From: Minchan Kim <minchan@kernel.org>
To: John Hubbard <jhubbard@nvidia.com>
Cc: Yu Zhao <yuzhao@google.com>,
Mauricio Faria de Oliveira <mfo@canonical.com>,
Andrew Morton <akpm@linux-foundation.org>,
linux-mm@kvack.org, linux-block@vger.kernel.org,
Huang Ying <ying.huang@intel.com>,
Miaohe Lin <linmiaohe@huawei.com>, Yang Shi <shy828301@gmail.com>
Subject: Re: [PATCH v2] mm: fix race between MADV_FREE reclaim and blkdev direct IO read
Date: Tue, 11 Jan 2022 12:20:13 -0800 [thread overview]

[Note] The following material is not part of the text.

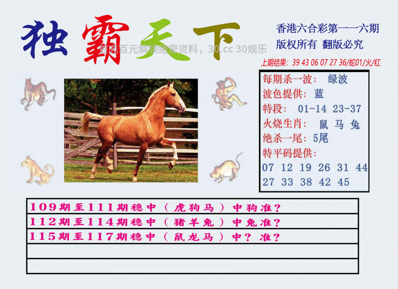 116期:家野两肖家禽+虎蛇╣开:马24准
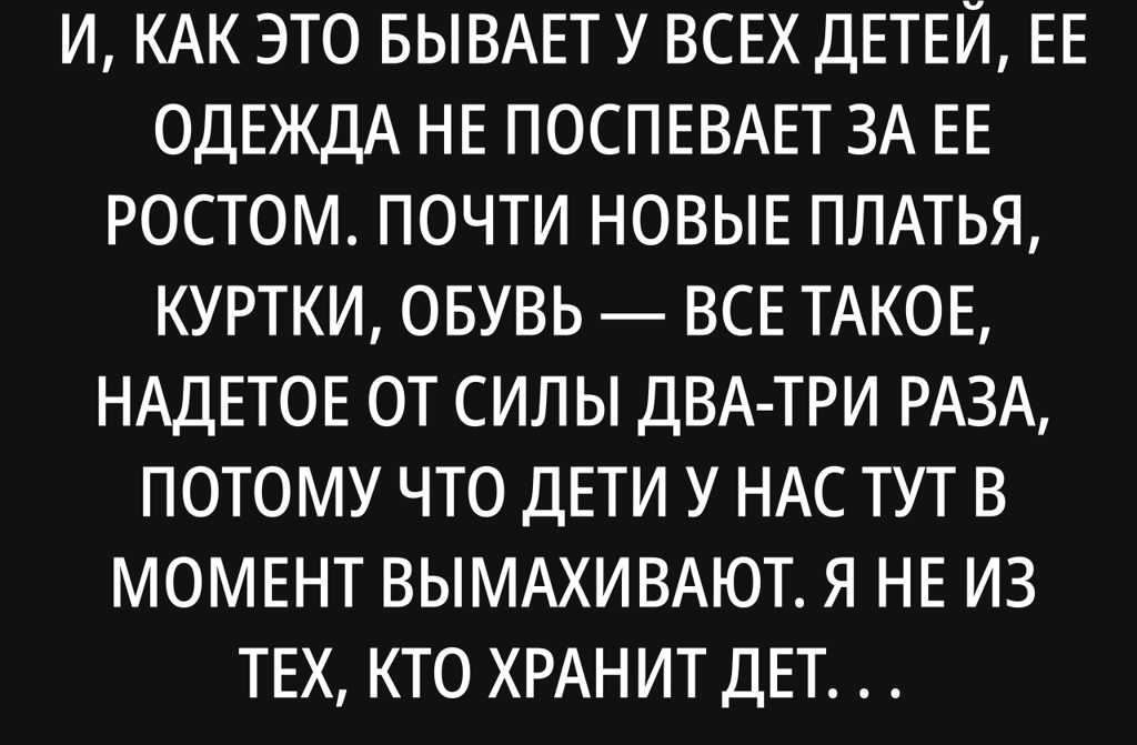 У меня есть пятилетняя дочка, и, как это бывает у всех детей, ее одежда не поспевает за ее ростом. Почти новые платья, куртки, обувь все такое, надетое от силы два-три раза, потому что дети у нас тут в момент вымахивают. Я не из тех, кто хранит детские вещи «на память» шкаф-то не резиновый! Поэтому однажды в выходные я спокойно присела, выгребла все из шкафа, тщательно перебрала каждую вещь и отложила то, что все еще выглядит просто прекрасно. Немногое отправилось в мусорку пятна, дырки, сильный износ. Я не из тех, кто дарит другим хлам, это уж точно.

Message-ID: <Yd3mfROPwP72QPt3@google.com> (raw)
In-Reply-To: <e75c8f37-782f-f4d4-b197-8fda18090b42@nvidia.com>
On Tue, Jan 11, 2022 at 11:29:36AM -0800, John Hubbard wrote:
> On 1/11/22 10:54, Minchan Kim wrote:
> ...
> > Hi Yu,
> >
> > I think you're correct. I think we don't like memory barrier
> > there in page_dup_rmap. Then, how about make gup_fast is aware
> > of FOLL_TOUCH?
> >
> > FOLL_TOUCH means it's going to write something so the page
>
> Actually, my understanding of FOLL_TOUCH is that it does *not* mean that
> data will be written to the page. That is what FOLL_WRITE is for.
> FOLL_TOUCH means: update the "accessed" metadata, without actually
> writing to the memory that the page represents.
Exactly. I should have mentioned the FOLL_TOUCH with FOLL_WRITE.
What I wanted to hit with FOLL_TOUCH was
follow_page_pte:
if (flags & FOLL_TOUCH) {
if ((flags & FOLL_WRITE) &&
!pte_dirty(pte) && !PageDirty(page))
set_page_dirty(page);
mark_page_accessed(page);
}
>
>
> > should be dirty. Currently, get_user_pages works like that.
> > Howver, problem is get_user_pages_fast since it looks like
> > that lockless_pages_from_mm doesn't support FOLL_TOUCH.
> >
> > So the idea is if param in internal_get_user_pages_fast
> > includes FOLL_TOUCH, gup_{pmd,pte}_range try to make the
> > page dirty under trylock_page(If the lock fails, it goes
>
> Marking a page dirty solely because FOLL_TOUCH is specified would
> be an API-level mistake. That's why it isn't "supported". Or at least,
> that's how I'm reading things.
>
> Hope that helps!
>
> > slow path with __gup_longterm_unlocked and set_dirty_pages
> > for them).
> >
> > This approach would solve other cases where map userspace
> > pages into kernel space and then write. Since the write
> > didn't go through with the process's page table, we will
> > lose the dirty bit in the page table of the process and
> > it turns out same problem. That's why I'd like to approach
> > this.
> >
> > If it doesn't work, the other option to fix this specific
> > case is can't we make pages dirty in advance in DIO read-case?
> >
> > When I look at DIO code, it's already doing in async case.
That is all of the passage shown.